## REQUIRED ACTION
The copy must match the data word for word and contain no pictures.

## INFORMATION PROVIDED

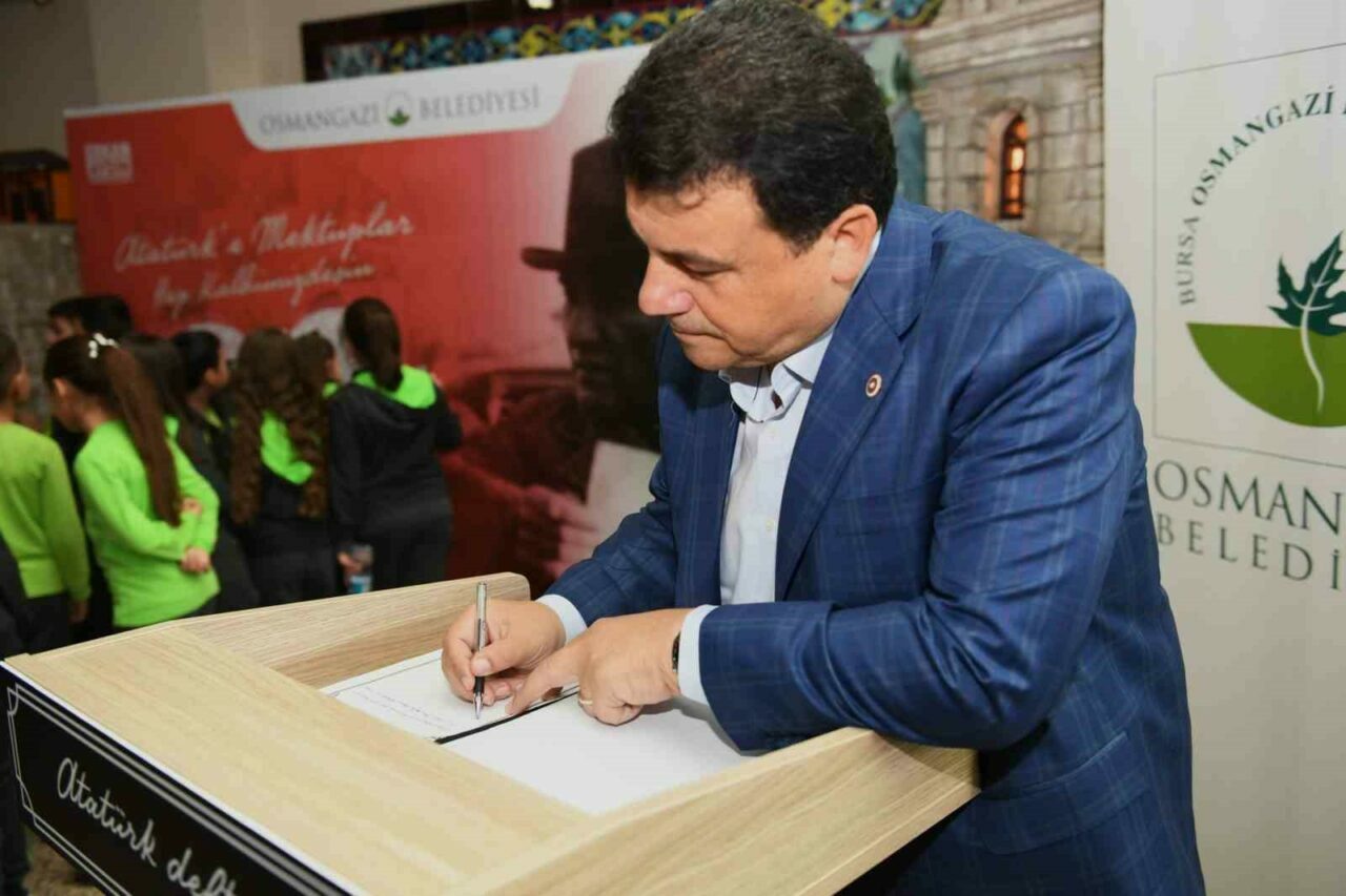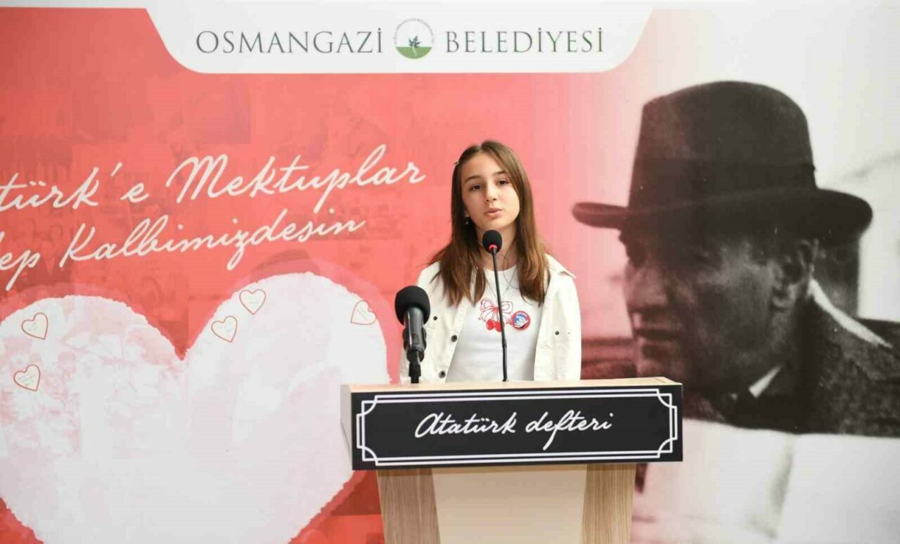 Osmangazi Belediyesi’nin kütüphanelerine gelerek ders çalışan çocuklar kütüphaneye geldiklerinde Atatürk’e olan duygu ve düşüncelerini içeren mektuplar yazarak kütüphanelere teslim etti. Atatürk’e yazılan mektuplar 25 adete ulaşınca Başkan Erkan Aydın, bu mektupların bir kitapta toplanmasını istedi. Oluşturulan Atatürk Defterine çocukların yazdığı mektuplar tek tek aktarıldı. Atatürk Defteri düzenlenen törenle Osmangazi Belediyesi’nin girişine konuldu. Osmangazi Belediyesi’ne gelen tüm misafirler Atatürk’e duygu ve düşüncelerini artık Atatürk Defterine yazabilecek.
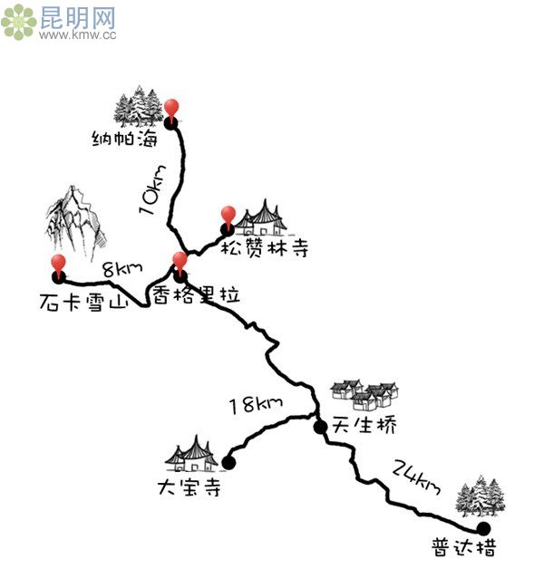 昆明至香格里拉縣距離622千米,大約耗時10小時30分。路線為昆明-楚雄-大理/麗江-香格里拉(先走昆楚高速,后上楚大高速,到大理后轉入人民北路,后上214國道到達香格里拉)。昆明到大理400千米,全程高速,注意行車安全。
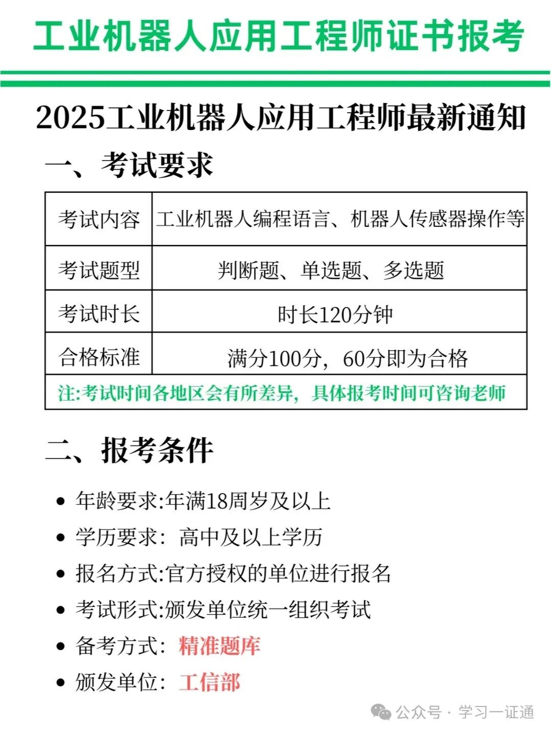 证书的考核内容包括工业机器人的概念、分类、工作原理、结构组成、编程与调试、编程语言、程序调试与故障排查、操作与维护、故障诊断与排除等。考核线上进行,会有备考资料提供,成绩在60分及以上合格。
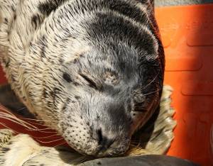 This patient is a Pacific harbor seal, our third most commonly rescued species. We typically see orphaned pups that have stranded during mid-February through late June. Pups are often separated from their mothers due to humans or dogs getting too close and scaring the mother away.

## YOUR SOLUTION
 Osmangazi Belediyesi’nin kütüphanelerine gelerek ders çalışan çocuklar kütüphaneye geldiklerinde Atatürk’e olan duygu ve düşüncelerini içeren mektuplar yazarak kütüphanelere teslim etti. Atatürk’e yazılan mektuplar 25 adete ulaşınca Başkan Erkan Aydın, bu mektupların bir kitapta toplanmasını istedi. Oluşturulan Atatürk Defterine çocukların yazdığı mektuplar tek tek aktarıldı. Atatürk Defteri düzenlenen törenle Osmangazi Belediyesi’nin girişine konuldu. Osmangazi Belediyesi’ne gelen tüm misafirler Atatürk’e duygu ve düşüncelerini artık Atatürk Defterine yazabilecek.
 昆明至香格里拉縣距離622千米,大約耗時10小時30分。路線為昆明-楚雄-大理/麗江-香格里拉(先走昆楚高速,后上楚大高速,到大理后轉入人民北路,后上214國道到達香格里拉)。昆明到大理400千米,全程高速,注意行車安全。
 证书的考核内容包括工业机器人的概念、分类、工作原理、结构组成、编程与调试、编程语言、程序调试与故障排查、操作与维护、故障诊断与排除等。考核线上进行,会有备考资料提供,成绩在60分及以上合格。
 This patient is a Pacific harbor seal, our third most commonly rescued species. We typically see orphaned pups that have stranded during mid-February through late June. Pups are often separated from their mothers due to humans or dogs getting too close and scaring the mother away.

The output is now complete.